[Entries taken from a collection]
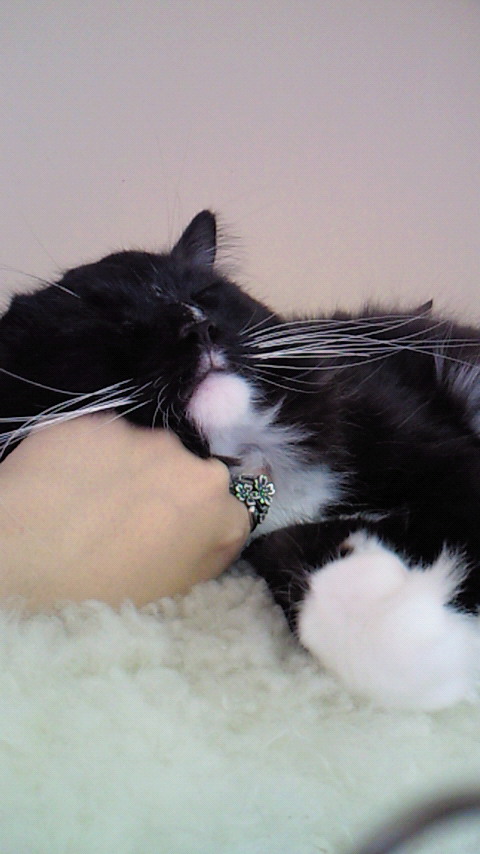 ちょうどいい高さのゲージのうえで寝てたのでアゴ撫でたりしてたらひょいっと頭をひとの手の上に・・・
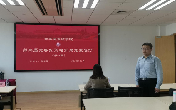 2023年11月24日下午,为强化党建+人才培养工作,增强本研学生的党务工作能力,肉番 第二届党务知识培训与竞赛活动于徐汇校区文科实验楼802举行。活动包括两项议程:开幕式与第一期培训活动。肉番 党委书记贺朝霞教授、中共金山区委组织部沈孝欢老师、行政管理教研室党支部书记张振洋副教授出席活动,30余位学员一并与会。开幕式由张振洋副教授主持。
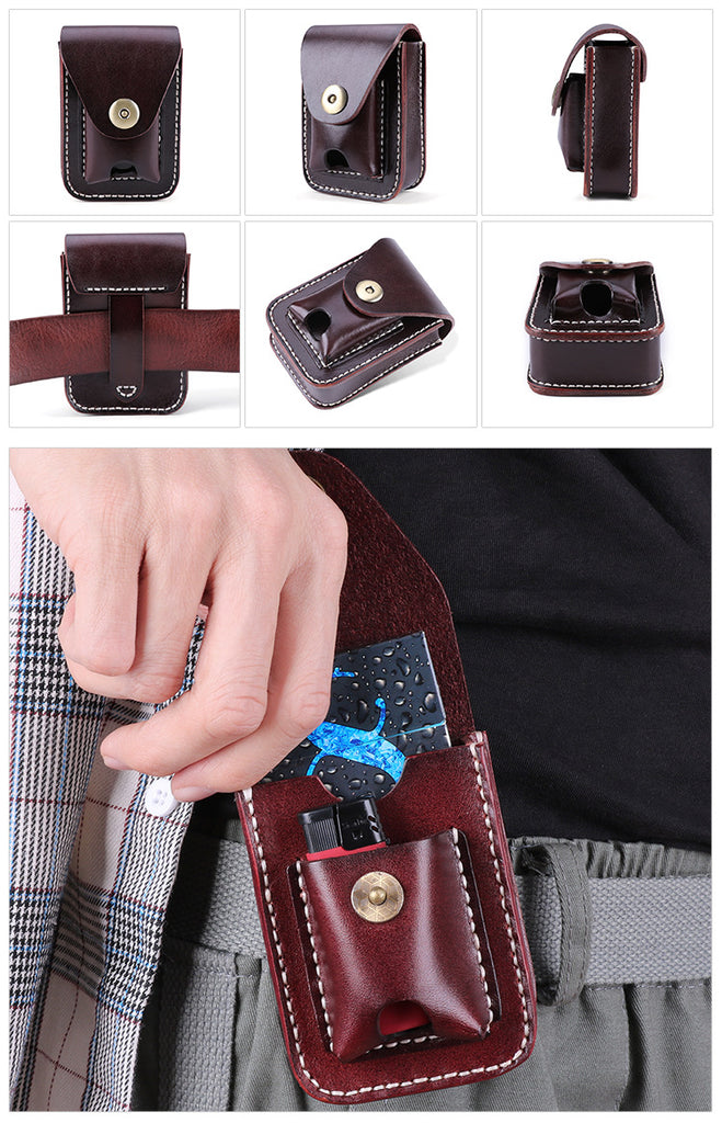 Style: Leather Mens Cigarette Cases with Lighter Holder With Belt Loop Cigarette Holder For Men
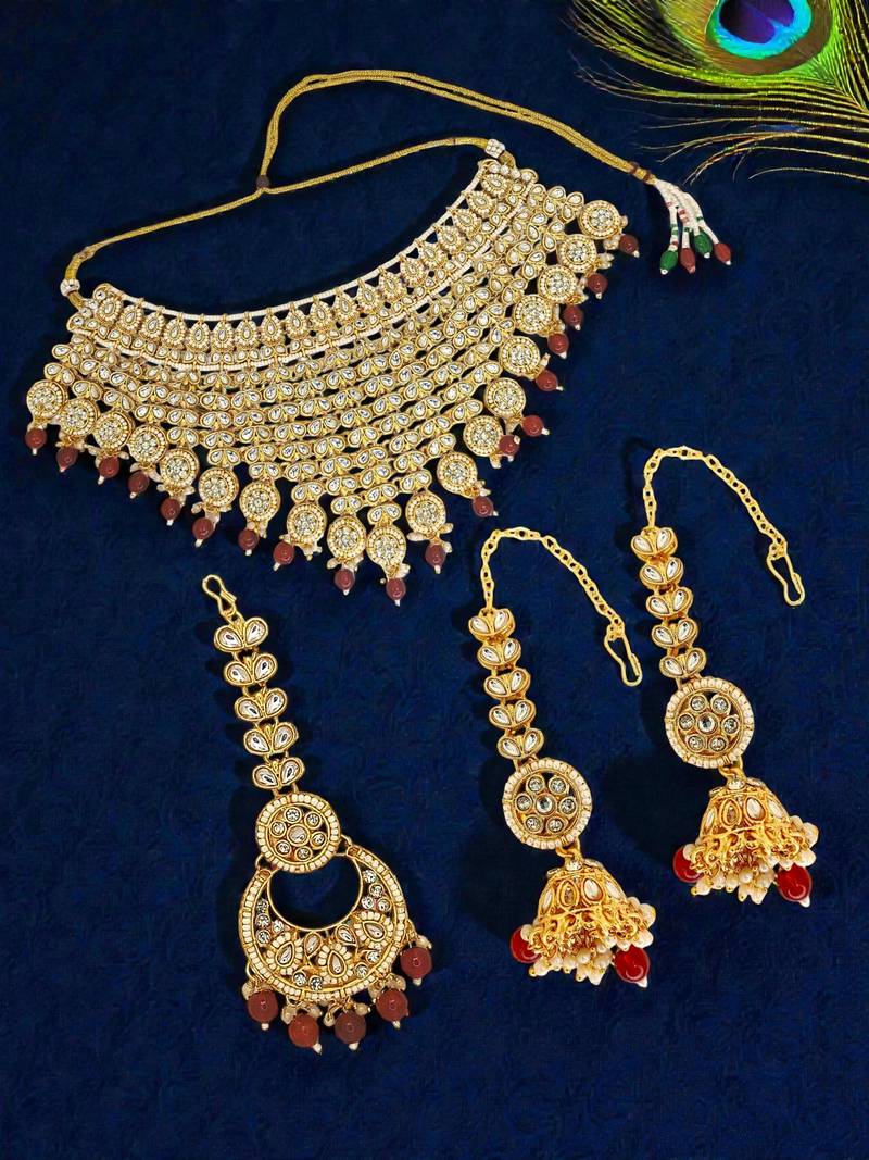 • Product Id : 4698695 • Package Details : 1 Necklace, 1 Pair Of Earring, 1 Maang Tikka • Type : Necklace Sets • Occasion : Wedding • Look : Contemporary • Jewellery Work : Kundan • Color : Maroon • Plating : Yellow Gold • Base Material : Alloy • Piercing : Yes • Pearl Type : Na • Pearl Shape : Na • Height : 12.5 • Width : 23.5 • Care : Keep Away From Perfume, Sweat, Water And Keep It In Airtight Plastic Container Payments [+]
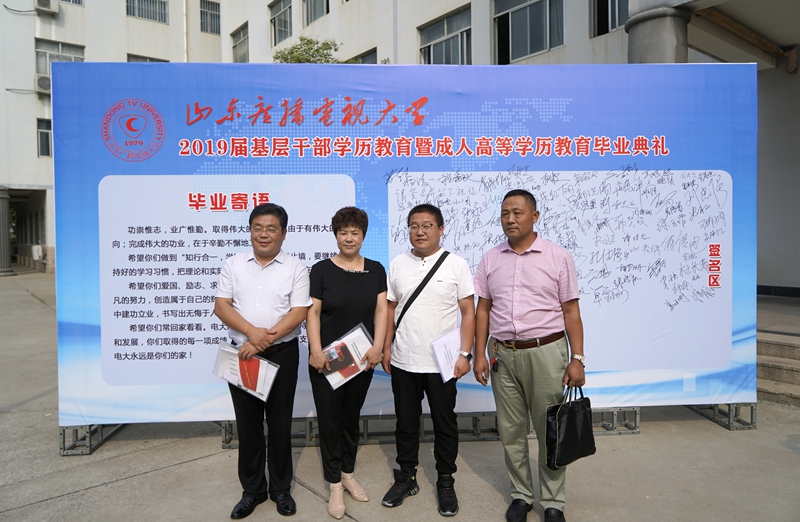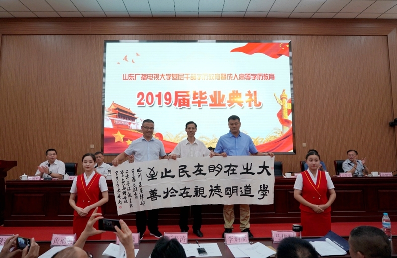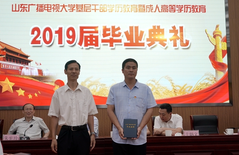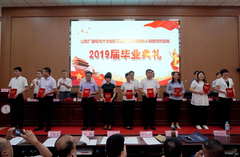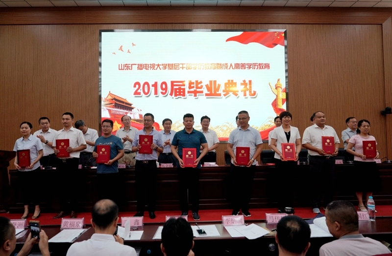 7月12日上午,山东广播电视大学基层干部学历教育暨成人高等教育2019届毕业典礼在我校高新校区203报告厅举行。山东省委组织部远程教育中心副主任巴建国、山东省教育厅民继处二级调研员于炳文、学校党委领导班子成员出席典礼。典礼由副校长庄维平主持。
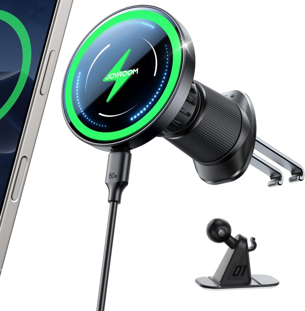 • JOYROOM Support Telephone Voiture Magsafe Induction Ensemble 2 en 1 [Conception Améliorée Pince Double Crochet] Chargeur Magsafe Voiture 15W, Chargeur Induction Voiture iPhone 17 Air Pro Max 16-12

### Work to be completed
Locate "Container Payments [+]" in the entries above. Copy, exactly and only, the lines from that line to the end, leaving out the pictures.

### Response to this task
 • Product Id : 4698695 • Package Details : 1 Necklace, 1 Pair Of Earring, 1 Maang Tikka • Type : Necklace Sets • Occasion : Wedding • Look : Contemporary • Jewellery Work : Kundan • Color : Maroon • Plating : Yellow Gold • Base Material : Alloy • Piercing : Yes • Pearl Type : Na • Pearl Shape : Na • Height : 12.5 • Width : 23.5 • Care : Keep Away From Perfume, Sweat, Water And Keep It In Airtight Plastic Container Payments [+]
 7月12日上午,山东广播电视大学基层干部学历教育暨成人高等教育2019届毕业典礼在我校高新校区203报告厅举行。山东省委组织部远程教育中心副主任巴建国、山东省教育厅民继处二级调研员于炳文、学校党委领导班子成员出席典礼。典礼由副校长庄维平主持。
 • JOYROOM Support Telephone Voiture Magsafe Induction Ensemble 2 en 1 [Conception Améliorée Pince Double Crochet] Chargeur Magsafe Voiture 15W, Chargeur Induction Voiture iPhone 17 Air Pro Max 16-12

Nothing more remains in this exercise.